Kem Kem (often called the Kem Kem Beds) is one of Morocco’s most famous fossil regions. It’s known worldwide for fossils from the Late Cretaceous—a time when southeastern Morocco wasn’t dunes and dry plains, but a landscape shaped by rivers, floodplains, and wetlands. This is the setting behind some of the most iconic African fossils, including Spinosaurus and a whole river ecosystem of giant fish and crocodile relatives.
Kem Kem isn’t one single “spot.” It’s a fossil-bearing region made up of different layers and localities, which is why the name appears so often when people talk about Moroccan dinosaur fossils.

When did Kem Kem fossils live?

Most Kem Kem fossils date to around 100 million years ago (often discussed around the Cenomanian stage of the Late Cretaceous). That’s long after the Devonian marine world associated with trilobites and ammonoids—Kem Kem belongs to the dinosaur era.

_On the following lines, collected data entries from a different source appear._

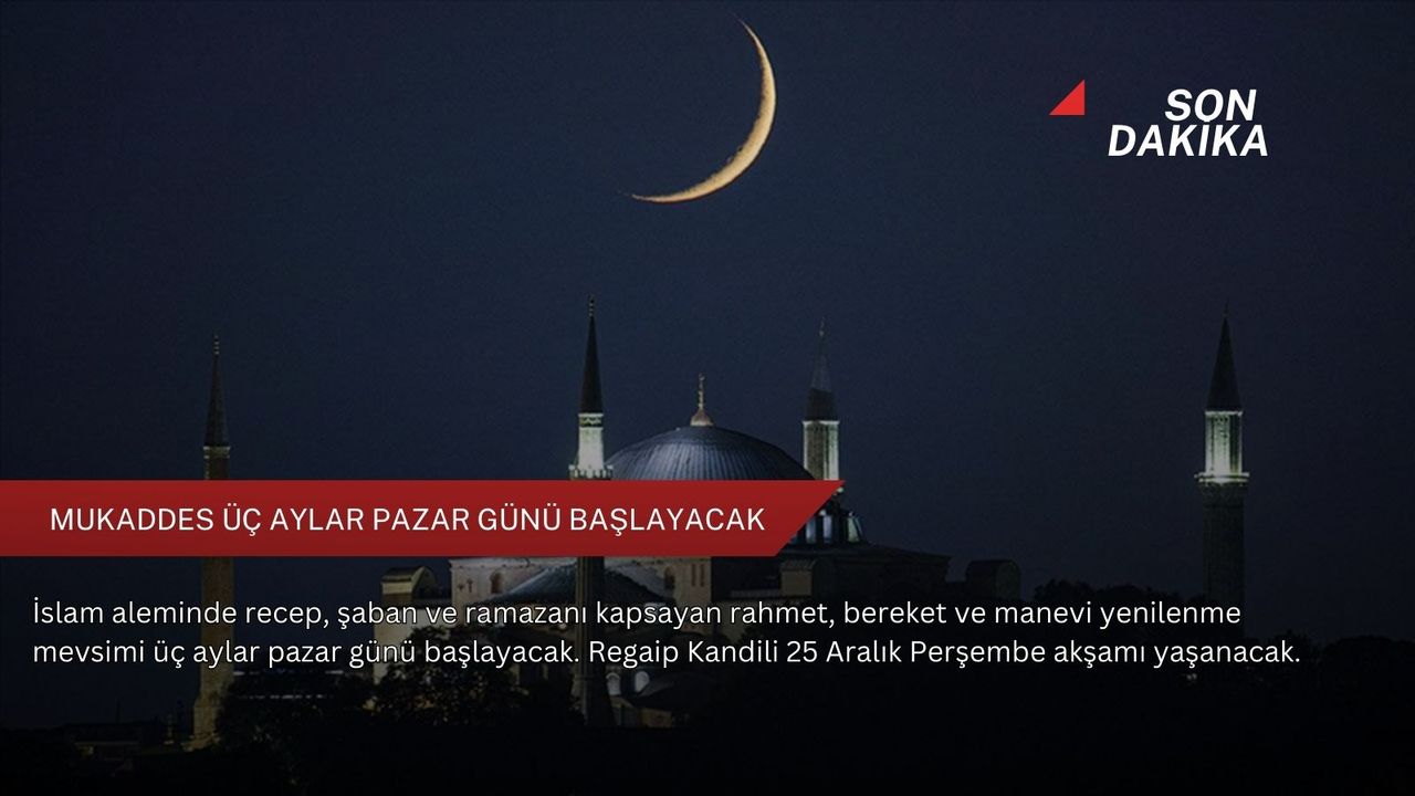 Diyanet İşleri Başkanlığı Vakit Hesaplama Bölümü'nün "vakithesaplama.diyanet.gov.tr" internet adresinde yer alan bilgiye göre, üç ayların başlangıcı recep ayında idrak edilecek. Regaip Kandili, 25 Aralık Perşembe akşamı yaşanacak.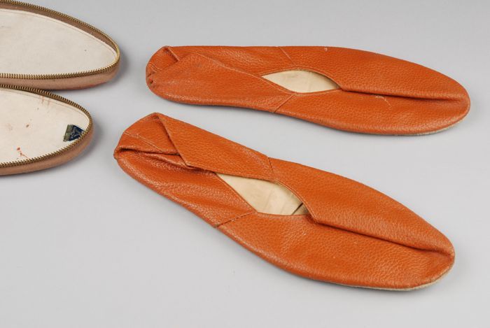 Cognackleurige kunstleren herenpantoffels in reisetu...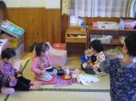 0歳から3歳までの子どもたちの部屋では畳を置くことに何十年もこだわってきています。畳は適度なクッション性があり、断熱効果・吸放湿性も高く、ホルムアルデヒドなどの有害物質を吸着する空気清浄機能があると言われています。

What was Kem Kem like back then?

The easiest way to picture Kem Kem is as an ancient river world:
  • wide river channels carrying sand and gravel
  • seasonal flooding that spread sediments over the plains
  • shallow water zones where fish were abundant
  • muddy areas where bones, teeth, and scales could be buried and preserved
River systems don’t preserve fossils in the same way a calm sea floor can. Water movement can break bones, move them, and concentrate them in certain places. That’s a big reason why Kem Kem is famous for isolated pieces—especially teeth and dense fragments—rather than neat, complete skeletons.

The Kem Kem ecosystem (why it’s scientifically exciting)

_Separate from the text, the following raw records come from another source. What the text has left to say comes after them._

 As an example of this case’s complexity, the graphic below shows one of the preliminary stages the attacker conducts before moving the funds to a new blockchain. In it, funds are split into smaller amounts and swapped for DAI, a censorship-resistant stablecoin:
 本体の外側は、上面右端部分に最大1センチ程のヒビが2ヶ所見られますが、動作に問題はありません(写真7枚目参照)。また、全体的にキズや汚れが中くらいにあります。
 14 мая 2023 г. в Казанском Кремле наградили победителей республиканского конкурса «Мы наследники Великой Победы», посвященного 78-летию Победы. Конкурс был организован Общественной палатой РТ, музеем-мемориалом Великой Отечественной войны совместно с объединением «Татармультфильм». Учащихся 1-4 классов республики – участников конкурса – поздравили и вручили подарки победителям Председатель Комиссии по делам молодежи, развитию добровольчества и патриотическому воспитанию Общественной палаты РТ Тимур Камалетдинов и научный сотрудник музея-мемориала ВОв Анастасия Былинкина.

Kem Kem fossils are exciting because they represent a full ecosystem that feels “alive” when you understand it:
  • Huge fish lived in these waters and formed a major part of the food chain.
  • Crocodile relatives were present as predators and scavengers along river edges.
  • Large theropod dinosaurs hunted in and around these wetlands.
Kem Kem is often described as a place where water and predators shaped everything—so the fossils you find reflect that: lots of teeth, jaws, scales, and durable pieces that survive movement in rivers.

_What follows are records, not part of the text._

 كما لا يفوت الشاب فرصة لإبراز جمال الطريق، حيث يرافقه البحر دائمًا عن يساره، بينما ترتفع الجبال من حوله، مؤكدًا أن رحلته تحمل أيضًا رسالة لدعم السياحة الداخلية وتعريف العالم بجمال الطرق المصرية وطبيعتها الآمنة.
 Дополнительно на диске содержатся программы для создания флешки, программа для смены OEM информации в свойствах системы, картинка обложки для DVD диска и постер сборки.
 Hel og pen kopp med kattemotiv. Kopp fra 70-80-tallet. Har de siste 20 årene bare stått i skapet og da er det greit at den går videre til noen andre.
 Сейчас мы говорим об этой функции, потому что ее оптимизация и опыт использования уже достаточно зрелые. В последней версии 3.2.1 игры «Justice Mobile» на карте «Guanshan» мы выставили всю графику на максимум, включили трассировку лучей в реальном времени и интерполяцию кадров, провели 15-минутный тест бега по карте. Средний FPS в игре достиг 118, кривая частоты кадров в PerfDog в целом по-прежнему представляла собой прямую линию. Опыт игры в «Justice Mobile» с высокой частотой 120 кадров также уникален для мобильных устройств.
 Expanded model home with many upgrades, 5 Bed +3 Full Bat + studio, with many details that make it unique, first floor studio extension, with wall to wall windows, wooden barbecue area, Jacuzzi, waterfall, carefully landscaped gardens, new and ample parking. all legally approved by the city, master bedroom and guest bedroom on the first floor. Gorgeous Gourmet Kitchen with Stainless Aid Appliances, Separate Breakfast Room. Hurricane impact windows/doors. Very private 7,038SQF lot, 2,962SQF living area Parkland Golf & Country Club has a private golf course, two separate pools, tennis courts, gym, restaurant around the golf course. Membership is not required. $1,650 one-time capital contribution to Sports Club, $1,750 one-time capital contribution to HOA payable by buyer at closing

Spinosaurus (the name everyone connects to Kem Kem)

Spinosaurus is the most iconic dinosaur associated with Kem Kem. It’s famous for its long crocodile-like snout and for being linked to a river environment—exactly the kind of world Kem Kem represents.
That’s why Kem Kem and Spinosaurus are mentioned together so often: the fossils and the environment match the same story.

What fossils are found in Kem Kem?

Kem Kem is best known for vertebrate fossils (animals with backbones). Common types people talk about include:

Dinosaur fossils (mostly teeth and fragments)

  • Spinosaurus-related remains (often represented by teeth and fragments)
  • other large theropod dinosaur teeth and partial pieces
Complete skeletons are rare. The “normal” Kem Kem fossil experience is recognizing smaller but meaningful parts—especially teeth.

Crocodile and reptile fossils

  • teeth
  • jaw fragments
  • bone pieces
These fit the river setting and show how predator-heavy the ecosystem was.

Fish fossils (a huge part of Kem Kem)

Fish remains are everywhere in the Kem Kem story:

  • fish teeth and jaw fragments
  • scales and dense bone pieces
  • sawfish rostrum fragments (often linked to Onchopristis)
If you want to understand Kem Kem properly, don’t think “only dinosaurs.” Think river life, with fish as a major foundation of the ecosystem.

Why Kem Kem is so famous

Kem Kem stands out because it combines:

  • a dramatic river ecosystem (not just random desert fossils)
  • famous names like Spinosaurus
  • fossils that are often easy to recognize even for beginners (teeth, rostrum fragments, jaws, scales)
It’s one of the most “imaginable” fossil regions—once you picture the rivers and predators, the fossils make sense.